▸ **Action item**
Leave out the pictures and copy everything else in the records exactly.
+---+
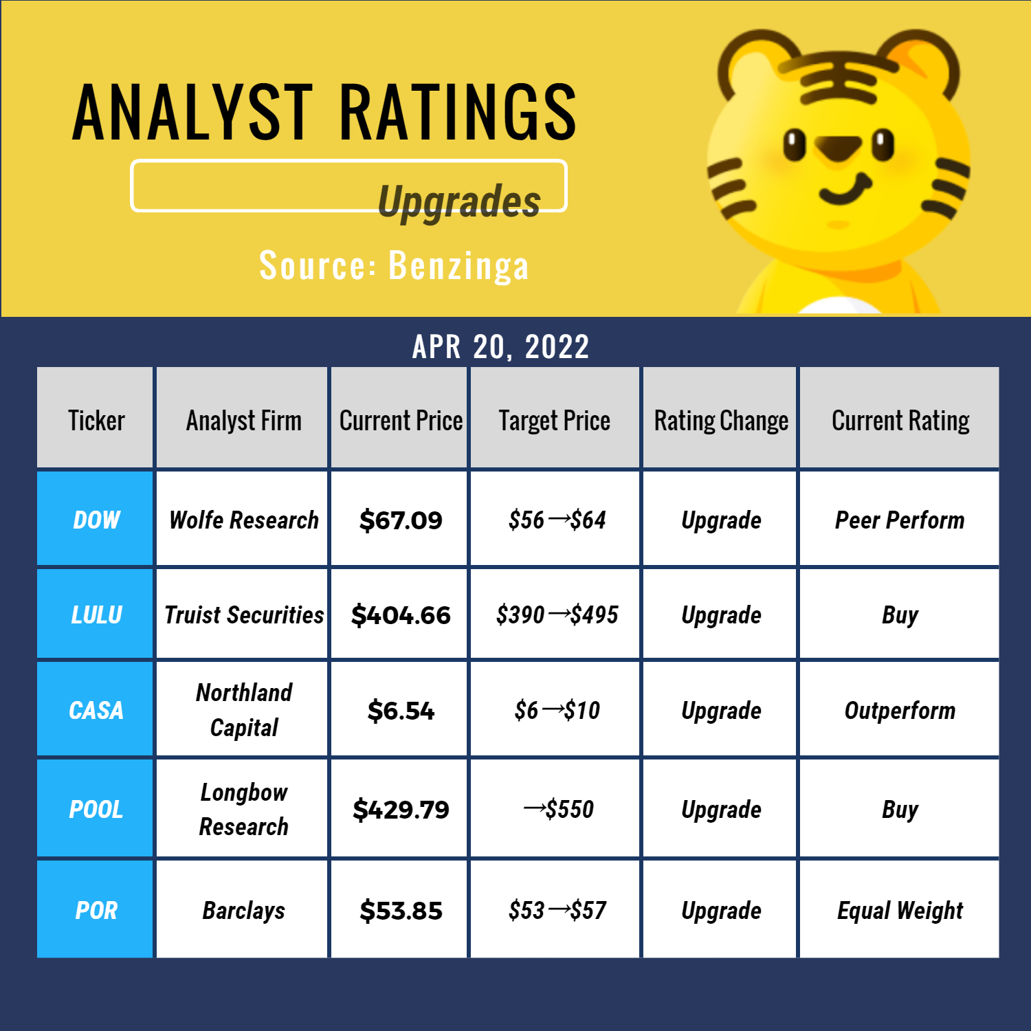 Top 5 Upgrades are: $Dow Chemical(DOW)$ $Lululemon Athletica(LULU)$ $Casa Systems(CASA)$ $Pool(POOL)$ $Portland General(POR)$
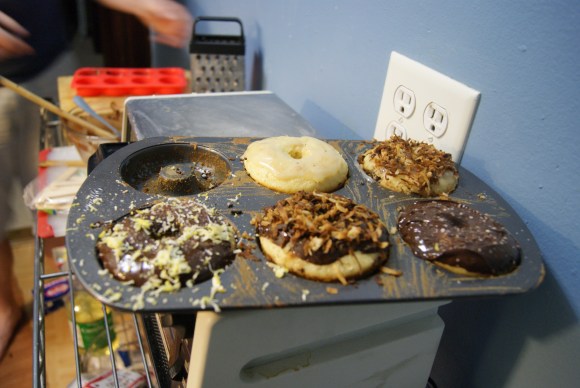 Edit: I realize I was fretting so much over telling that story about the weird party I went to that I forgot to tell you all how awesome these wonuts were. You would think they’d just taste like waffles, but NO! The olive oil gives them an interesting little kick, and they actually taste like doughnuts somehow. I couldn’t decide which ones I liked more, but I will say this: the lemon rosemary wonuts were more of a breakfast treat, while the chocolate sea salt wonuts seemed like more of a dessert to me. And yes, to answer your inevitable question, I will begin work on lunch and dinner wonuts ASAP.
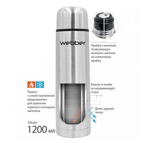 Термос WEВBER SS-1200P, 1200мл. удобен в походах, на рыбалке, в долгой дороге в зимнее время года и в других ситуациях. Его можно использовать даже дома для поддержания температуры напитков или просто горячей воды. Модель выполнена из прочной и нетоксичной нержавеющей стали, имеет стильный серебристый цвет и простоту эксплуатации. Пробка с кнопкой, позволяющая наливать напиток не отвинчивая пробку. Диаметр горлышка: 8см. Время сохранения тепла — 14 часов, холода — 20 часов. 1 100,00 ₽ / шт
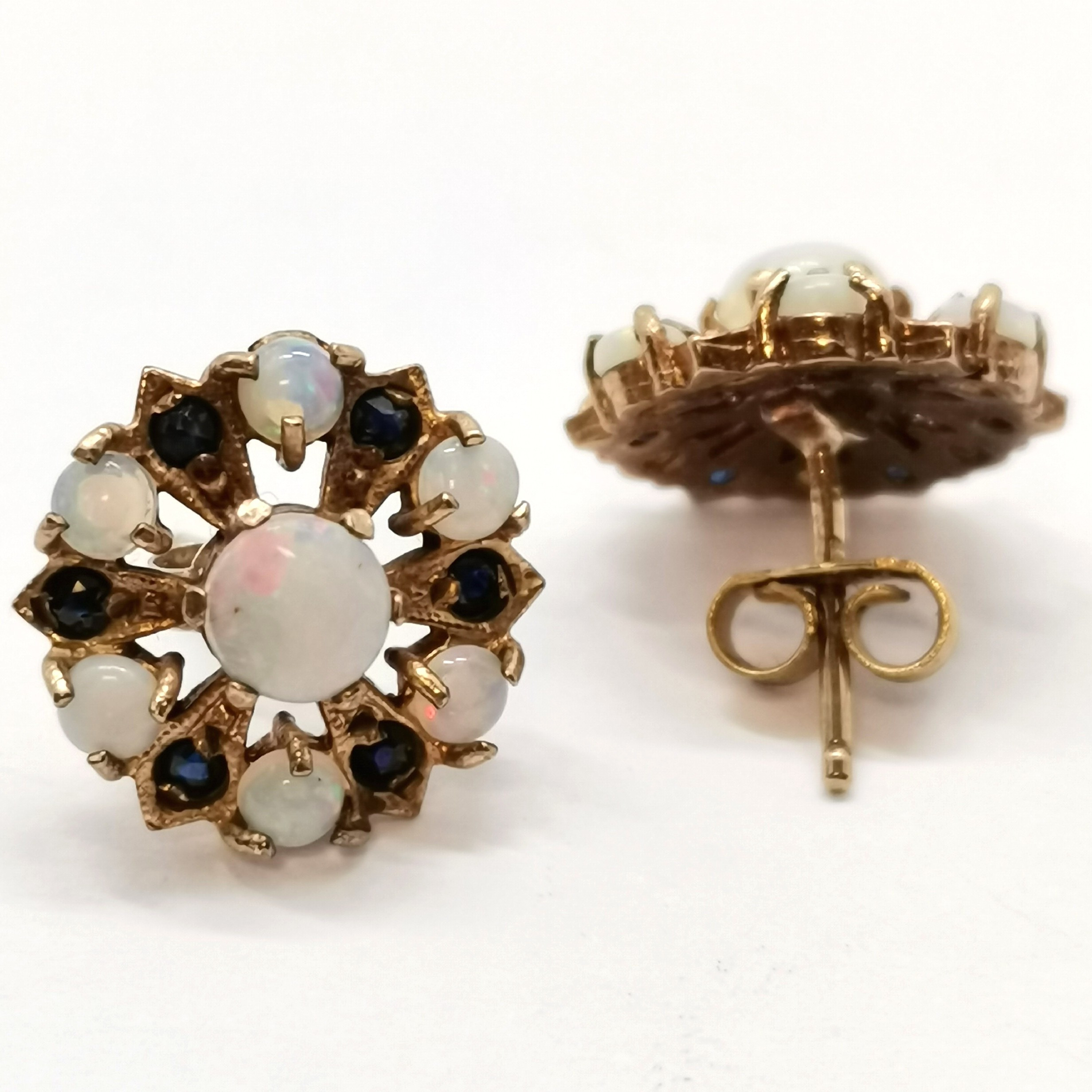 5018425. 9KT GULD OPAL & BLÅ STEN ØRERINGE.
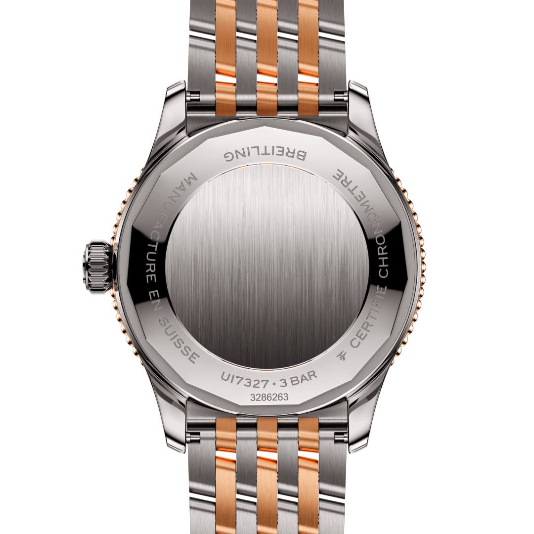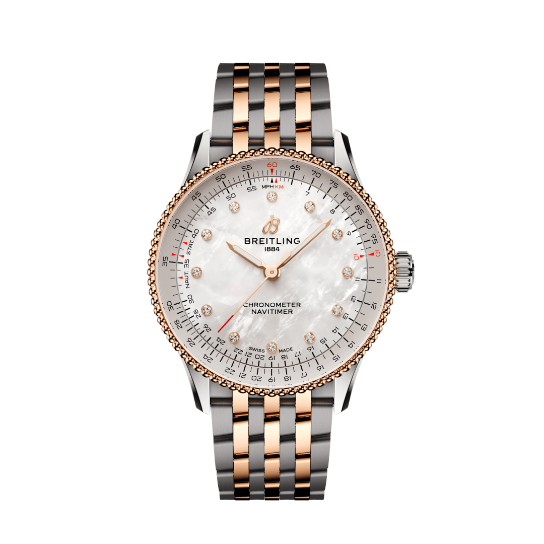 Breitling Navitimer Automatic 36 Gold & Diamanten, Automatik, 36 mm. Die Uhr hat folgende Funktionen: Lumineszenz. Die Grundparameter der Uhr sind: bewegungsart ist mechanische Uhr mit automatischem Aufzug, wasserabweisend ist 30 m, ziffernblattfarbe ist perlmuttern und armbandmaterial ist Stahl und Gold.
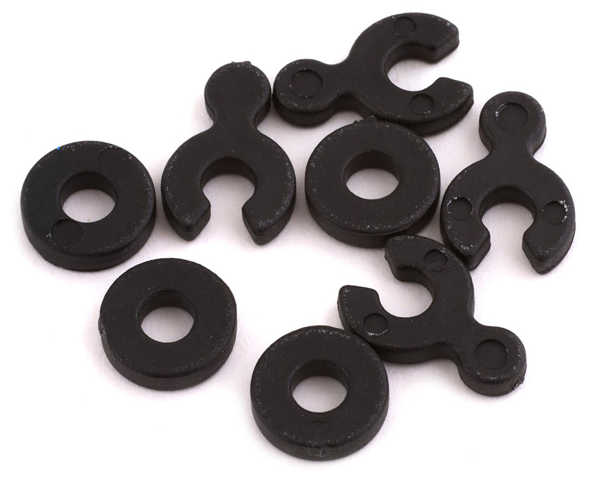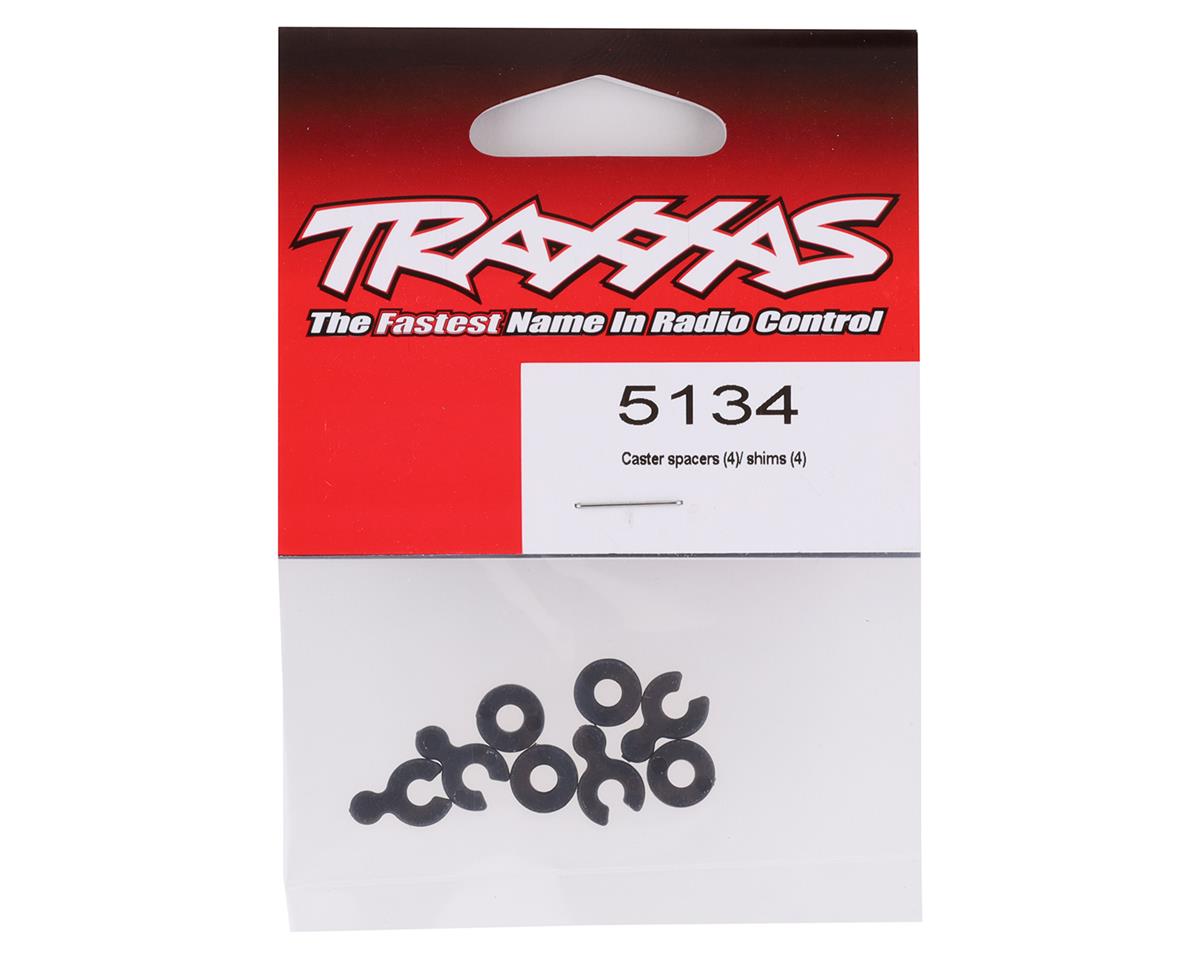 This is a pack of four replacement caster spacers and four replacement shims for the Traxxas Revo monster trucks. These spacers are used to adjust the caster angle and for the front of the truck as well as correctly space the rear arms on the bulkheads.
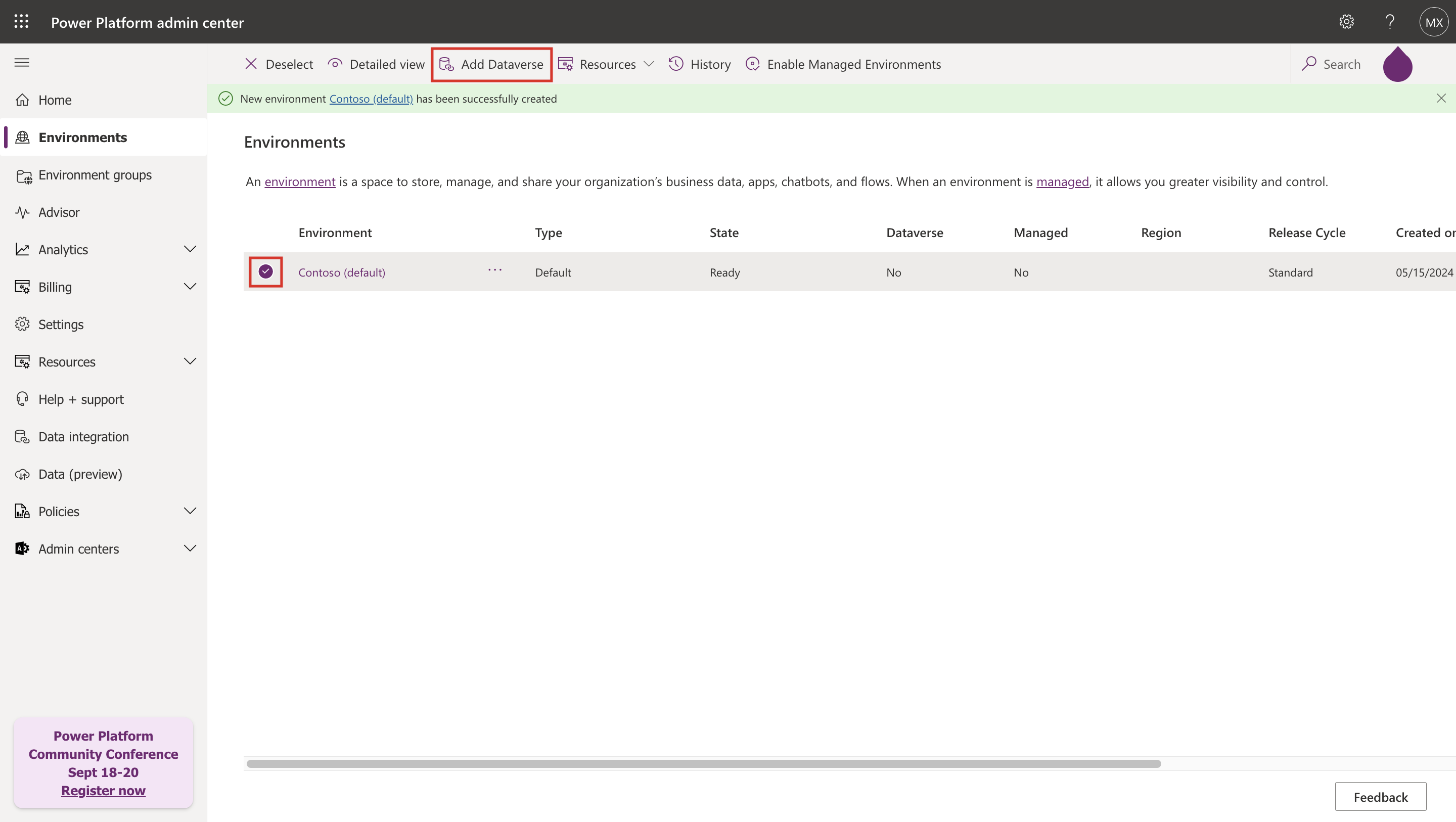 Select Add Dataverse from the command bar.
+---+
▸ **Exercise result**
 Top 5 Upgrades are: $Dow Chemical(DOW)$ $Lululemon Athletica(LULU)$ $Casa Systems(CASA)$ $Pool(POOL)$ $Portland General(POR)$
 Edit: I realize I was fretting so much over telling that story about the weird party I went to that I forgot to tell you all how awesome these wonuts were. You would think they’d just taste like waffles, but NO! The olive oil gives them an interesting little kick, and they actually taste like doughnuts somehow. I couldn’t decide which ones I liked more, but I will say this: the lemon rosemary wonuts were more of a breakfast treat, while the chocolate sea salt wonuts seemed like more of a dessert to me. And yes, to answer your inevitable question, I will begin work on lunch and dinner wonuts ASAP.
 Термос WEВBER SS-1200P, 1200мл. удобен в походах, на рыбалке, в долгой дороге в зимнее время года и в других ситуациях. Его можно использовать даже дома для поддержания температуры напитков или просто горячей воды. Модель выполнена из прочной и нетоксичной нержавеющей стали, имеет стильный серебристый цвет и простоту эксплуатации. Пробка с кнопкой, позволяющая наливать напиток не отвинчивая пробку. Диаметр горлышка: 8см. Время сохранения тепла — 14 часов, холода — 20 часов. 1 100,00 ₽ / шт
 5018425. 9KT GULD OPAL & BLÅ STEN ØRERINGE.
 Breitling Navitimer Automatic 36 Gold & Diamanten, Automatik, 36 mm. Die Uhr hat folgende Funktionen: Lumineszenz. Die Grundparameter der Uhr sind: bewegungsart ist mechanische Uhr mit automatischem Aufzug, wasserabweisend ist 30 m, ziffernblattfarbe ist perlmuttern und armbandmaterial ist Stahl und Gold.
 This is a pack of four replacement caster spacers and four replacement shims for the Traxxas Revo monster trucks. These spacers are used to adjust the caster angle and for the front of the truck as well as correctly space the rear arms on the bulkheads.
 Select Add Dataverse from the command bar.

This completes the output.